Daily: Endurance roll; less than 13 worsen, 13 to 18 maintain, more than 18 improve

+2: become permanently immune to the effects of Ancient Mold
+1: Recover from initial effects, a sore throat but nothing to worry about
Initial: feel slightly unwell, lose 1 healing surge
-1: feel tired. Become Slowed.
-2: whole body becomes incredibly sore. Weakened.
[/sblock]

[sblock=Crowd Control]
_credit to Mesh Hong_
Efficiency is always key in public institutions.
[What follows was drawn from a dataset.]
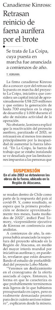 Kinross reconoce atraso de tres meses en primera producción de La Coipa por efecto del coronavirus - (Diario Financiero)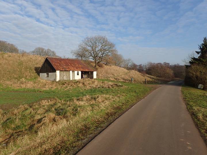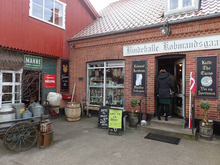 Bindeballe 12.14 Uhr / Km 21,15 Ich schaute beim Bindeballe Købmandsgård vorbei. Rein ging ich aber nicht. |

An inspection was recently undertaken by the prison governors and amongst other observations it was noted that the prisoners all seemed too well fed. Surely there could be great savings to be made by changing the diet of the inmates, after all it isn’t a holiday camp they are running. 

It was also decided that extra food rations could be earned through good behaviour or by special duty. Incentivising the inmates through food would encourage them to reform and start taking the necessary steps back to becoming proper decent citizens again.

A special dietician, Regina Tallbrook, was employed to work with the existing kitchen staff. The menu was radically altered and the Head Warden started working on the incentives plan.

Regina has a simple recipe for making food stretch further. Take your standard low grade gruel and add plenty of sawdust and other fibrous waste to really bulk it out and add body, then a sprinkling of her secret alchemical additive to take away the nasty aftertaste and its ready for serving. To add a special something as a treat or privilege she has a supply of reclaimed and reconstituted meat fragments that can be fried in her extra special alchemical additive, which really adds a certain chewy charm to the meal. For those really deserving she also bakes a hearty grit bread, with genuine grit bulking out the flour, which will really fills you up.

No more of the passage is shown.